岩政大樹 大変です(笑)。でも、プレーのほうは減ってきました。練習をオーガナイズする時に自分も一緒にプレーしていると指示が難しいじゃないですか。そうなると、少し運動量が足りなくて……。毎週の試合で、なんとか体力をキープしています。仕方ないですよね。コーチングのほうが気になってしまうので。

石井 ひとに任せると、ちょっとしたニュアンスが違って来ますからね。

岩政 そうなんです。石井さんは、どんな日々を過ごされていますか?

石井 ゆっくりしています。平日は初めて娘との夏休みを満喫し、週末はひとりで試合観戦。鹿島のホームゲームだけでなく、いろんな競技場でサッカー観戦を楽しんでいます。

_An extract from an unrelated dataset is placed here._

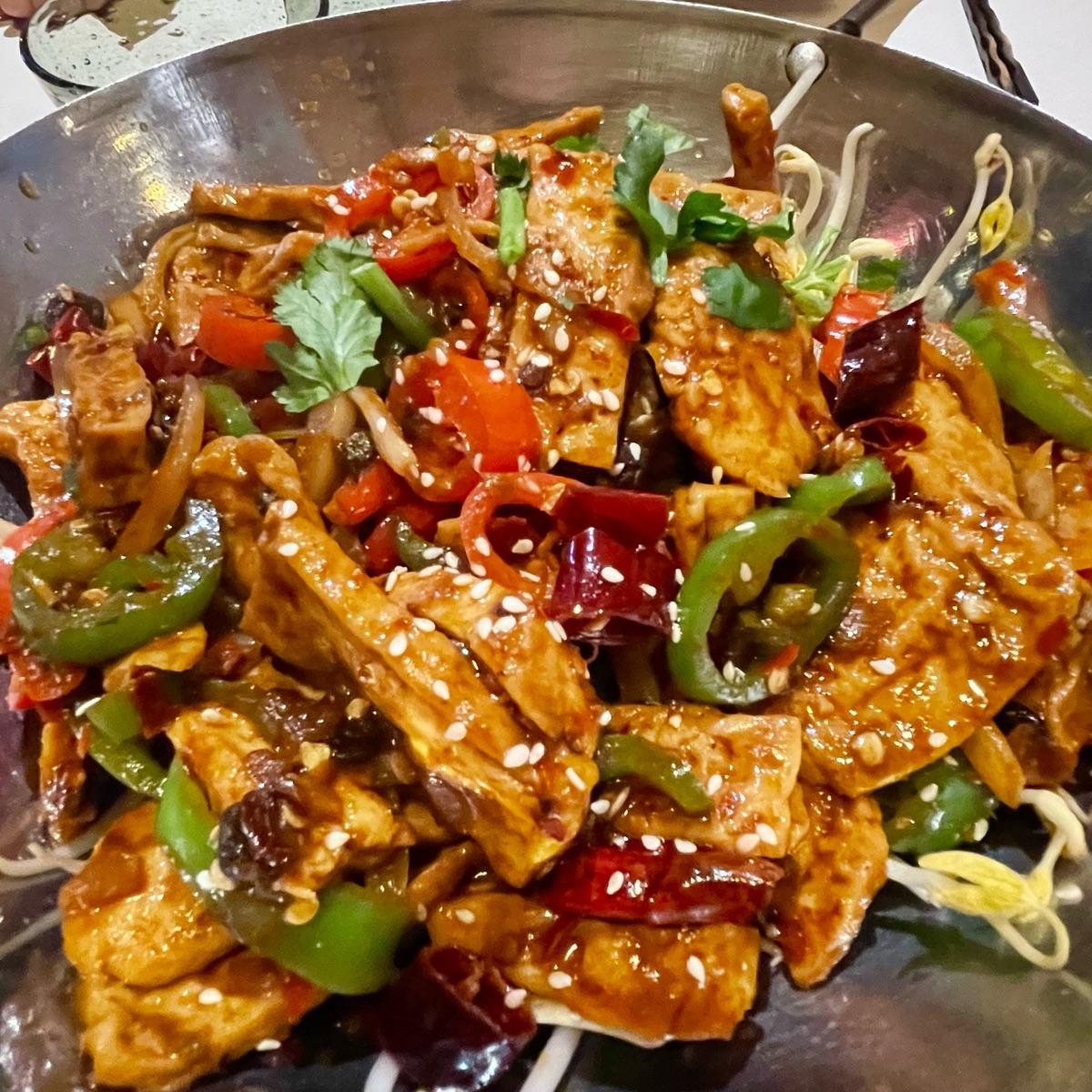 Piatto già vegano all’interno de menú, nonostante sia possibile veganizzare anche le altre opzioni con pollo presenti, sostituendolo con quello vegetale.

監督解任後、初めて観に行ったのが鹿島のホームゲーム。バックスタンドで観戦した。


今年5月末に監督を解任されてからは、一ファンとしてスタンドから試合を観ていたという。写真:佐藤明(サッカーダイジェスト写真部)

岩政 何か発見はありましたか?

石井 サッカー専用スタジアムは、やっぱり観やすい。それに観客として観ていると、展開の多いサッカーでないと面白くないとも感じました。

岩政 スピード感のあるサッカーですか?

石井 そうですね。自分が現場に戻ったら、そういうサッカーを見せたいと思っています。

岩政 コーチ時代は分析担当としてスタンドから観ることもあったと思いますが、とはいえコーチ目線ですから、今とは違いますよね。

石井 相手チームはどうか、うちのチームはどうすればいいか、という視点でポイントを絞って観ていましたが、今は全体を俯瞰して楽しんでいます。

岩政 鹿島を離れてから2か月半が経ちます。その間に気持ちは変わってきましたか? 仕事がパッとなくなったわけですよね。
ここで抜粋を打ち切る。